How Best to Diversify Smart Betas
October 24, 2017 - Equity Premium, Momentum Investing, Value Premium, Volatility Effects
Is it better to build equity multifactor portfolios by holding distinct single-factor sub-portfolios, or by picking only stocks that satisfy multiple factor criteria? In their September 2017 paper entitled “Smart Beta Multi-Factor Construction Methodology: Mixing vs.

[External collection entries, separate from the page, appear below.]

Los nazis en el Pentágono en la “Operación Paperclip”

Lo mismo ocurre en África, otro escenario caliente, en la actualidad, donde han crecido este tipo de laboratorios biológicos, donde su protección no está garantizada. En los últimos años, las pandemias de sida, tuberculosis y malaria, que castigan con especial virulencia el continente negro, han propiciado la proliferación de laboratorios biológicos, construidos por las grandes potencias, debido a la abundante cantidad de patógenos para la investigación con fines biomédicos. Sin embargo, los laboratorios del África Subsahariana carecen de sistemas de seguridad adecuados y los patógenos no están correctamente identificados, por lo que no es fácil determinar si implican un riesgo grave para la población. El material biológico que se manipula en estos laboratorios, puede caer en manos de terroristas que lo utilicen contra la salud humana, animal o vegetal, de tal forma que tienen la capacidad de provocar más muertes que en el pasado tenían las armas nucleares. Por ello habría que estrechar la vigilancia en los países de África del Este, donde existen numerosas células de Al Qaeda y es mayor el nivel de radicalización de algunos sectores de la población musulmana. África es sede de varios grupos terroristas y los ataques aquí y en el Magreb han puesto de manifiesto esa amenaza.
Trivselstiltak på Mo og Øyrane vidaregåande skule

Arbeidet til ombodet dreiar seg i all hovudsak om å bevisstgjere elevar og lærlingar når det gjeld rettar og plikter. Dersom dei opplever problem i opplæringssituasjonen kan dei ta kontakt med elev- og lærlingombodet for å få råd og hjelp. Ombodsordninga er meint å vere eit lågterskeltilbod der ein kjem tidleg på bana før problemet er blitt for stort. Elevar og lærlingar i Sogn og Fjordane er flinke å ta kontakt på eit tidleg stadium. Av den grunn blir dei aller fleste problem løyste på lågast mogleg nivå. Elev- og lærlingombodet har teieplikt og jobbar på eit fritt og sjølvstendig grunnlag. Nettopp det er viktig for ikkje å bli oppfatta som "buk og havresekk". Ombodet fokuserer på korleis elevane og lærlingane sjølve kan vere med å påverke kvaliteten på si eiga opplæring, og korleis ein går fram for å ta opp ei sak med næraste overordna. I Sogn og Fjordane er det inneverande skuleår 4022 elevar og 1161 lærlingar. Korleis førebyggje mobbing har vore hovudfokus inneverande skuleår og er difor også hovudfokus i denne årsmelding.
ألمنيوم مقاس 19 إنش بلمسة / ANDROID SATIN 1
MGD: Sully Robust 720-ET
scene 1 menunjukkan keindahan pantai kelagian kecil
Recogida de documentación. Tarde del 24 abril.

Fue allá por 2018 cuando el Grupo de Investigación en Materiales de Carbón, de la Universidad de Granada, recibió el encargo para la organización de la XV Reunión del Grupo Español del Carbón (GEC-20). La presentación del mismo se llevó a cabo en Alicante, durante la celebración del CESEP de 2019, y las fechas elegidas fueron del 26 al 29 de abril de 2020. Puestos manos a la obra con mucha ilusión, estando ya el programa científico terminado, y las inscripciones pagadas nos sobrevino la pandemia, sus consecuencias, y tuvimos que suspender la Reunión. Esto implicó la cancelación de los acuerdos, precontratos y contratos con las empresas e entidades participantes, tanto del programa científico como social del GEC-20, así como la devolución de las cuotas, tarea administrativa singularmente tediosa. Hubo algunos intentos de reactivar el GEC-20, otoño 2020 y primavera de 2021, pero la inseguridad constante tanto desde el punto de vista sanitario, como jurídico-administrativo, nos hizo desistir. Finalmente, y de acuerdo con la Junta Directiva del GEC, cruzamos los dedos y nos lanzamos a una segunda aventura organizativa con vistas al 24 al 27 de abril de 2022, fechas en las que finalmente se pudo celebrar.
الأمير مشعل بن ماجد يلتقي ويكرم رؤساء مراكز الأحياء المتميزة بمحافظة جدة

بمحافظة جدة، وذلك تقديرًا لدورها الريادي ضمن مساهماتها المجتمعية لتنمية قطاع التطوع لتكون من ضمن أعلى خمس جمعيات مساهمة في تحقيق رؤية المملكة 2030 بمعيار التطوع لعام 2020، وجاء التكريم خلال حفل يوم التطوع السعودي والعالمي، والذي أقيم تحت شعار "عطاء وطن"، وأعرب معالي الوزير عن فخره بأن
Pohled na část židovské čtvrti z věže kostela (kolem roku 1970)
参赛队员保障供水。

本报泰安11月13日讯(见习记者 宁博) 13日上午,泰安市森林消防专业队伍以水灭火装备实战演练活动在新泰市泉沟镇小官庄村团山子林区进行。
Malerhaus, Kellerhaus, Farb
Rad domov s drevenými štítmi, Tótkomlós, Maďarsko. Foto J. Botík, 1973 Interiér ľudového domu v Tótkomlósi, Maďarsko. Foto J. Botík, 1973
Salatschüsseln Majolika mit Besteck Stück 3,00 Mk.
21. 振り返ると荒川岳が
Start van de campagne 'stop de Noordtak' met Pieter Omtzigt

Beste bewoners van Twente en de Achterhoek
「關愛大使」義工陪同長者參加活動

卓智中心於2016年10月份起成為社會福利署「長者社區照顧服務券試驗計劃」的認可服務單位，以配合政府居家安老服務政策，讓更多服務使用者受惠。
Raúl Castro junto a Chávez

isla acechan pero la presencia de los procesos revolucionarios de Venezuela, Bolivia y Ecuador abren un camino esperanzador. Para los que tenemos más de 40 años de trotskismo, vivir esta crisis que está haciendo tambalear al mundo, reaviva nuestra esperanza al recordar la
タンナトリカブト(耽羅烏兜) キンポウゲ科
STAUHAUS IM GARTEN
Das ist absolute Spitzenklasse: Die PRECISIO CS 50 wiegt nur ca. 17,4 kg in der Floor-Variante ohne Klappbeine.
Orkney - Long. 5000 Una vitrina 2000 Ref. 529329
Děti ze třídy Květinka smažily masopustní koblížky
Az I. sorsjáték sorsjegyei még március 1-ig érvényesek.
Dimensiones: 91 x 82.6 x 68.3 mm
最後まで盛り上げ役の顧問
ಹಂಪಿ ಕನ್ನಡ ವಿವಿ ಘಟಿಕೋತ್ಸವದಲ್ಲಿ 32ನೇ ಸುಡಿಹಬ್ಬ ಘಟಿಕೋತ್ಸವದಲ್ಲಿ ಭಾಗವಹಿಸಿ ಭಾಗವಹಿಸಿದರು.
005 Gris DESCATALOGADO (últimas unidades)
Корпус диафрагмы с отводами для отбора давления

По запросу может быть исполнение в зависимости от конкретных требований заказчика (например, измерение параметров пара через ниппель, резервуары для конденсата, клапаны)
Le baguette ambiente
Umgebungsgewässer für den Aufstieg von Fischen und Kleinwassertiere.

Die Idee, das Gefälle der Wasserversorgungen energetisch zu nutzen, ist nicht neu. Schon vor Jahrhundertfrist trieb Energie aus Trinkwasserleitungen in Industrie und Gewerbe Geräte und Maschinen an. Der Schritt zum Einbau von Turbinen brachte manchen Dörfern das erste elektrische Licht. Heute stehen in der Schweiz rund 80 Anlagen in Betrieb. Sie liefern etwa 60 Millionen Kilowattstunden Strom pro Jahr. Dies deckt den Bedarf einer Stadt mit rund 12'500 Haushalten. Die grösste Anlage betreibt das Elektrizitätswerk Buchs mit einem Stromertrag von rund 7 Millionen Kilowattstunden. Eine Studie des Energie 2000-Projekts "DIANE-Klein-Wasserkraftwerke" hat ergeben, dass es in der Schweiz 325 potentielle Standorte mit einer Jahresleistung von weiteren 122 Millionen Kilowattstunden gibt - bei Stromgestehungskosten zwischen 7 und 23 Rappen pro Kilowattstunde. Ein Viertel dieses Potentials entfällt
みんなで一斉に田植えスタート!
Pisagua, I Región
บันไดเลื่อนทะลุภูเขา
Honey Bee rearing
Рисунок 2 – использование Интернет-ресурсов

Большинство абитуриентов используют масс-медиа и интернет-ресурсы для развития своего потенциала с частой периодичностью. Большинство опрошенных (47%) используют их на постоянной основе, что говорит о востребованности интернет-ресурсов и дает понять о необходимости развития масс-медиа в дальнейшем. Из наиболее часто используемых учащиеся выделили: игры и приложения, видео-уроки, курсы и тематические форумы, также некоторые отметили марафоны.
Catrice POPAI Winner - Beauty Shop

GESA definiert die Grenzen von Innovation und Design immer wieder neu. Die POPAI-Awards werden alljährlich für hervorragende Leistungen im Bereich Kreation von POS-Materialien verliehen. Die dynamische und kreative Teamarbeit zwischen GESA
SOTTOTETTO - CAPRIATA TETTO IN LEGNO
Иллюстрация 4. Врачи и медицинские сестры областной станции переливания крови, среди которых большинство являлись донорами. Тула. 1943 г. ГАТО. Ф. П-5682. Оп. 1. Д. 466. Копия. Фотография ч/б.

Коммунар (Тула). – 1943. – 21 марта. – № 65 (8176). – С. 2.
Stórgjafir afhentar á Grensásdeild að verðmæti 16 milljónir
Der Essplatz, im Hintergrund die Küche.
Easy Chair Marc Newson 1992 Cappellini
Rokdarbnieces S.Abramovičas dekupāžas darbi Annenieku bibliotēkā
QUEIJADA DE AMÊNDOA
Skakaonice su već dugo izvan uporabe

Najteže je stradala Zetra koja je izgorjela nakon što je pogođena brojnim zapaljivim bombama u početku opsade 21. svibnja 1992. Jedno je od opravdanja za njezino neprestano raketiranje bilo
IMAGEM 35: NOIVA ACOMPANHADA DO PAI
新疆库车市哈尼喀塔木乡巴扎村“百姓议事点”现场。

Integrating”, Tzee-man Chow, Feifei Li and Yoseop Shim compare long-only multifactor portfolios constructed in two ways:
- Integrated – each quarter, pick the 20% of stocks with the highest average standardized factor scores and weight by market capitalization.
- Mixed – each quarter, hold an equal-weighted combination of single-factor portfolios, each comprised of the capitalization-weighted 20% of stocks with the highest expected returns for that factor.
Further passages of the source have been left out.